** INFORMATION PROVIDED **
= Beginning of Section =

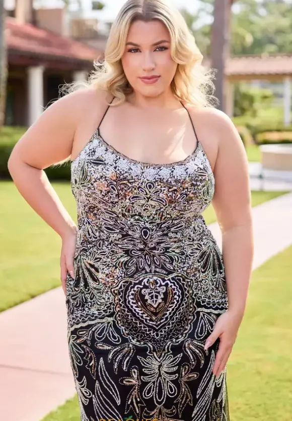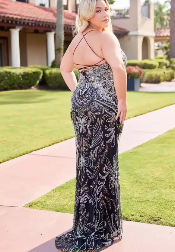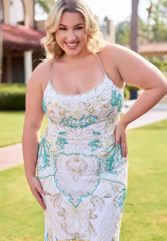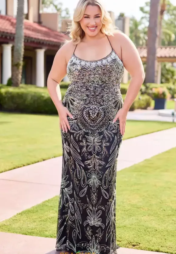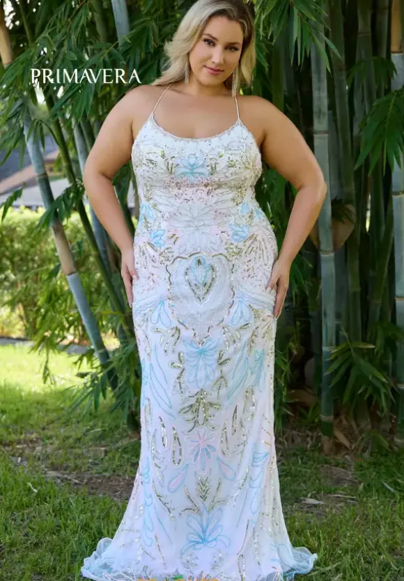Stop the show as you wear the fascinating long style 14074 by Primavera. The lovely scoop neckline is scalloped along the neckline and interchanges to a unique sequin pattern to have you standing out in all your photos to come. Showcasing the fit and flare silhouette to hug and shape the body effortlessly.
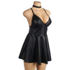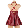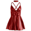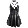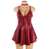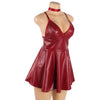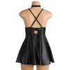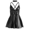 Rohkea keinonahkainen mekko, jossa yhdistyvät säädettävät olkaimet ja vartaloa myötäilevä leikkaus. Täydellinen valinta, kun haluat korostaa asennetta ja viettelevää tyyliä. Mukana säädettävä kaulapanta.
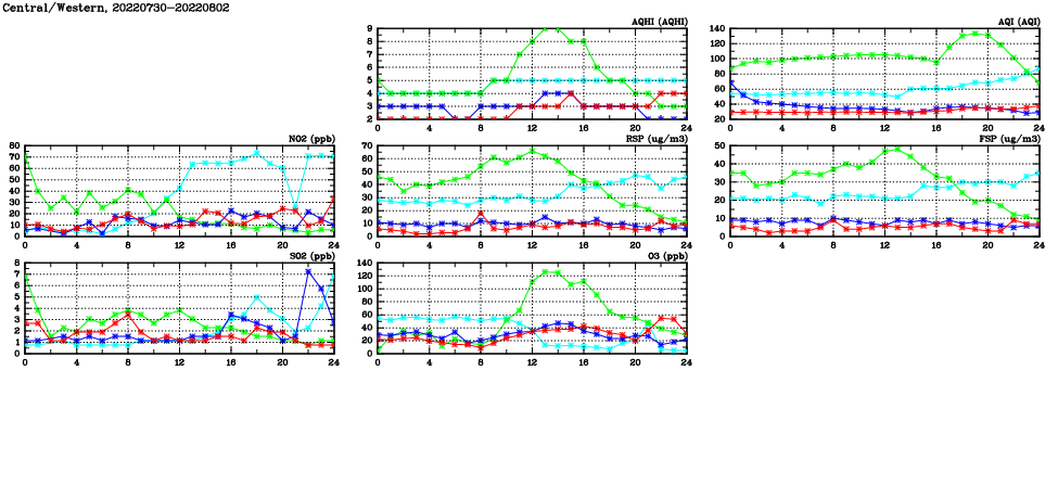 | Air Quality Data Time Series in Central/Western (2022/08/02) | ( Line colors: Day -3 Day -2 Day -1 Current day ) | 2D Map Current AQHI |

= End of Section =

** WHAT TO DO **
Write the lines from the one containing "Rohkea keinonahkainen mekko, jossa" through the end of the data above exactly as they appear, and do not carry over any picture.

** EXERCISE RESULT **
 Rohkea keinonahkainen mekko, jossa yhdistyvät säädettävät olkaimet ja vartaloa myötäilevä leikkaus. Täydellinen valinta, kun haluat korostaa asennetta ja viettelevää tyyliä. Mukana säädettävä kaulapanta.
 | Air Quality Data Time Series in Central/Western (2022/08/02) | ( Line colors: Day -3 Day -2 Day -1 Current day ) | 2D Map Current AQHI |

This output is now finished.